Tessera (plural: Tesserae): The small individual pieces of a mosaic.
Tin-Glaze: A lead-glaze to which a proportion of tin oxide has been added, making the glaze white and opaque.
Transfer-printing: Due to irregularities of surface, it is not possible to print direct onto a ceramic surface. In 1756, Sadler and Green of Liverpool developed the technique of printing a design onto a thin tissue paper which was then rubbed face down onto the tile surface, before the ink dried. Initially the inks were made with enamel colors applied over-glaze, but these were soon superseded by ceramic colors, which could be applied under-glaze. The earliest Sadler and Green tiles were printed from woodblocks (1756), but within 6 months, they were using copper plate engravings.
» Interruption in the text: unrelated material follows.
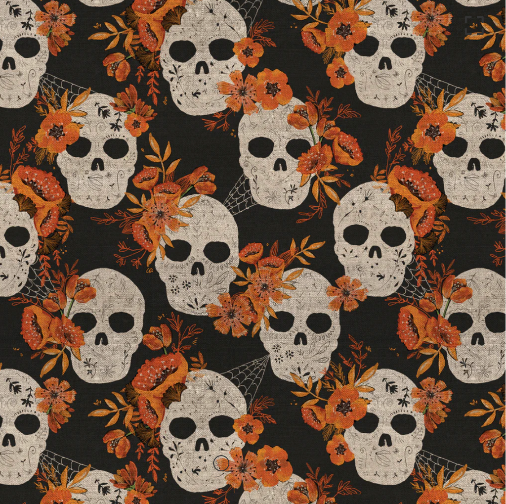 Wicked Garden Black Sophisticated Skulls 49240303 01 by Camelot Fabrics for Foust Textiles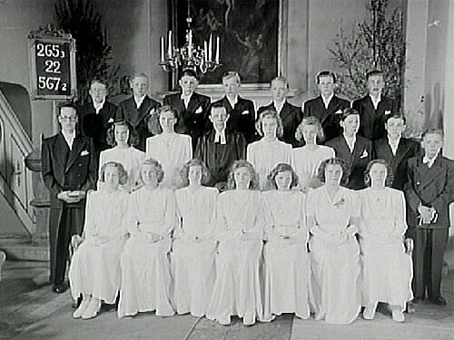 Konfirmander, 11 flickor, 11 pojkar och kyrkoherde Gabriel Carlsten, Ekeby.

Tube-Lining: A process akin to piping icing onto a cake. Slip clay is placed in a squeeze bulb fitted with a fine nozzle. As the bulb is squeezed, a thin line of clay is piped onto the surface of the tile, creating raised lines that contain and separate colored glazes that are applied after the slip has dried.
Tunnel Kiln: Invented in 1914 by Conrad Dressler, a German-born sculptor working in England, the tunnel kiln was the first continuously operating kiln. It consists of a long, square tunnel, heated at the middle, through which the tiles are transported on a train of special heatproof wagons, running on rails. Taking up to 24 hours to traverse the tunnel, the tiles gradually rise in temperature and then fall slowly back to cool, thus avoiding thermal shock.
Under-Glaze: The technique of decorating directly onto the body of the tile and then applying a transparent or translucent glaze over the design. This is the most durable method of ceramic decoration.
Zaffer: Cobalt ore used to produce a rich blue ceramic color.